In my stories I try to have plots – I try to set up apparently disconnected events and then make sense of them. Figure them out! I want my readers to be satisfied, like the St. Bernard, and not be left with an anticlimax, as Phil was.

Of course we can safely assume that the St. Bernard was wrong in whatever conclusion he came to, and of course Phil was fortunate that his conclusion was a mistake. Still, certainty is reassuring.

In the stories I most like to read, things eventually prove to make sense. The events might be outlandish, and the resolution might be as objectively impossible as a dog’s explanation of television, but it’s all presented sincerely, not ironically, not tongue-in-cheek. Loose ends are tied up. The writer has taken the characters and their concerns seriously, so I can too, and has shown how all the conflicts and oxymorons are reconciled.

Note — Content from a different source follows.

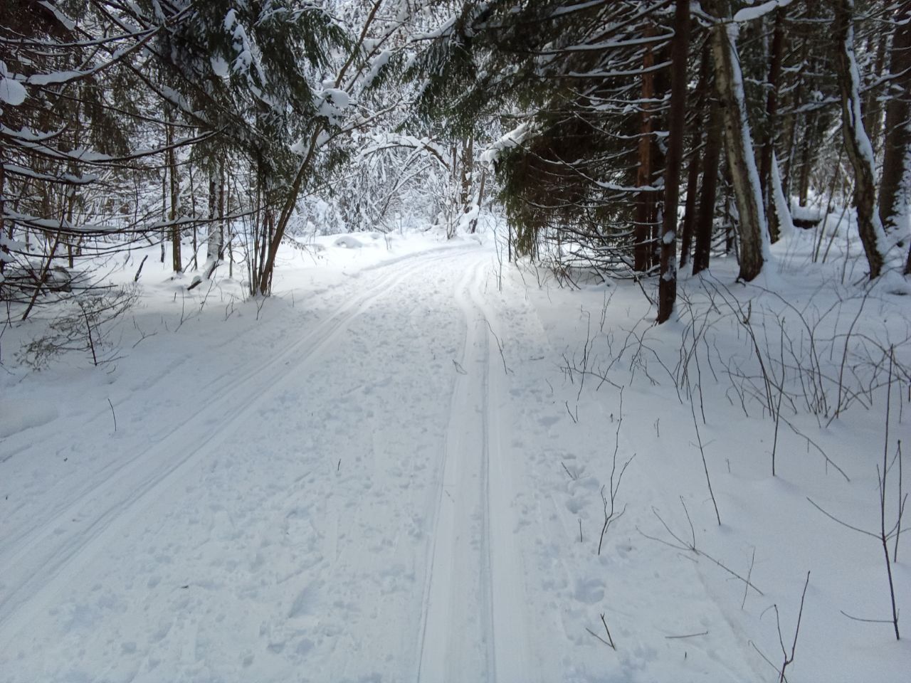 Давно так душевно не отдыхал. Пока едешь- приводишь свои мысли в порядок. Лыжня одна, но встречные лыжники никакого неудобства не создают, даже наоборот, все приветливы и готовы помочь.

Real life, of course, doesn’t provide this. Edward John Trelawny, whom I used as a character in my story “A Time to Cast Away Stones,” was a real historical person who compensated for the pointless shabbiness of his actual life by inventing a glamorous biography for himself, and eventually he even came to believe that well-plotted fiction himself.

I sympathize. Real life is generally very haphazard in its plotting, and I think a lot of people lament that, and turn to fiction to briefly experience, albeit vicariously, a more satisfying sort of reality. We want to see sense – not necessarily happy endings, but effectual actions and significant outcomes. (Postmodern fiction and metafiction, I gather, aim to call attention to the falsity of these things, which is like selling liquor that perversely makes you more sober.)

Our inclination to look for sense in the world doesn’t, of course, prove that there’s any out there to be found. Being hungry doesn’t prove we have bread, as Matthew Arnold is supposed to have written.

But, as C. S. Lewis points out, being hungry does imply the existence of bread.

So I’m on the side of Phil Dick and the dog.